Storage

Persist simulation results with file-system or S3 backends.

Overview

Asgard provides two storage layers:

  1. Core storage (FileStorage, S3Storage) — low-level persistence for any Serialisable object
  2. Monitor storage (AsgardStorage) — high-level run/result management used by the CLI and monitor dashboard

Both share the same directory layout:

storage_path/
├── runs/
│   └── {uuid}.json
├── results/
│   └── {uuid}.json
└── files/
    └── {uuid}_{field}.npy

File Storage

For local development and single-machine use.

from gimle.asgard.core.data.file import FileStorage

storage = FileStorage({"base_path": "./storage"})

Objects are stored as {base_path}/{obj_type}/{name}.json. Directories are created automatically on save.

S3 Storage

For shared or cloud deployments.

from gimle.asgard.core.data.s3 import S3Storage

storage = S3Storage({
    "bucket_name": "my-asgard-bucket",
    "base_path": "experiments/2026-02",
})

AWS credentials are read from the environment by default (AWS_ACCESS_KEY_ID, AWS_SECRET_ACCESS_KEY, AWS_DEFAULT_REGION). You can also pass them explicitly:

storage = S3Storage({
    "bucket_name": "my-bucket",
    "base_path": "runs",
    "aws_access_key_id": "AKIA...",
    "aws_secret_access_key": "...",
    "region_name": "eu-west-1",
})

Storage Methods

Both backends implement the same interface:

Method Description
path() Return the base path.
list_objects(obj_type) List all object names of a given type.
save(obj, name, obj_type) Save a Serialisable object.
load(name, obj_type) Load raw JSON string for an object.
delete(name, obj_type) Delete an object.

Caching

Wrap any backend with LocalCache to avoid repeated reads:

from gimle.asgard.core.data.local_cache import LocalCache

cached = LocalCache(storage)
cached.list_objects("run")   # hits disk/S3
cached.list_objects("run")   # cache hit

The cache is updated automatically on save() and delete().

Monitor Storage

AsgardStorage is the high-level interface used by the CLI example and monitor commands. It organises results into runs (a simulation session) and results (individual outputs within a run).

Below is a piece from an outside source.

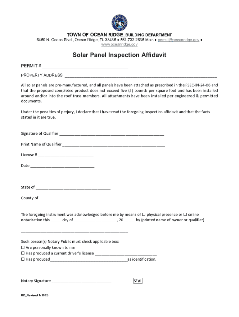 TOWN OF OCEAN RIDGE_BUILDING DEPARTMENT 6450 N. Ocean Blvd., Ocean Ridge, FL 33435 561.732.2635 Main permit@oceanridge.gov www.oceanridge.govSolar Panel Inspection Affidavit PERMIT # ___ PROPERTY

from gimle.asgard.monitor.storage import AsgardStorage

storage = AsgardStorage("./storage")

Creating Runs and Results

# Create a run
run = storage.create_run(
    name="Exponential ODE",
    equation="int(f, x) = f",
    circuit="trace(composition(register(x), split))",
)

# Add a result to the run
storage.add_result(
    run,
    result_type="Solution1D",
    data={"coefficients": [1.0, 1.0, 0.5, 0.167]},
    display={"title": "exp(x) approximation"},
)

One-Liner Convenience

run = storage.save_simulation_result(
    name="Quick test",
    result_type="Solution1D",
    data={"coefficients": [1.0, 1.0, 0.5]},
    equation="int(f, x) = f",
)

Methods

Method Description
create_run(name, equation, circuit, metadata) Create a new simulation run.
load_run(run_id) Load a run by UUID.
list_runs() List all runs, newest first.
delete_run(run_id) Delete a run and all its results.
add_result(run, result_type, data, display) Add a result to a run.
load_result(result_id) Load a result by UUID.
delete_result(result_id) Delete a result.
save_simulation_result(name, result_type, data, ...) Create run + result in one call.
get_run_with_results(run_id) Load run and all results together.

CLI Integration

# Run examples and save to monitor storage
uv run asgard example -c basic --monitor

# Specify a custom storage directory
uv run asgard example -c basic --storage /data/asgard

# Launch the monitor dashboard
uv run asgard monitor --storage /data/asgard --port 8080

File vs S3

Aspect FileStorage S3Storage
Setup Directory path Bucket + credentials
Latency Milliseconds 100-500 ms
Concurrency Single machine Multi-region safe
Cost Free Per-request
Use case Development Shared / cloud

Custom Serialisable Objects

Any class inheriting from Serialisable can be stored:

from gimle.asgard.core.data.serialisable import Serialisable

class MyResult(Serialisable):
    def __init__(self, values):
        super().__init__()
        self.values = values

    def to_json_impl(self):
        return {"values": self.values}

    @classmethod
    def from_json_impl(cls, data):
        return cls(values=data["values"])

The Serialisable base class adds created_at and updated_at timestamps automatically and registers the class for deserialization via SerialisableRegistry.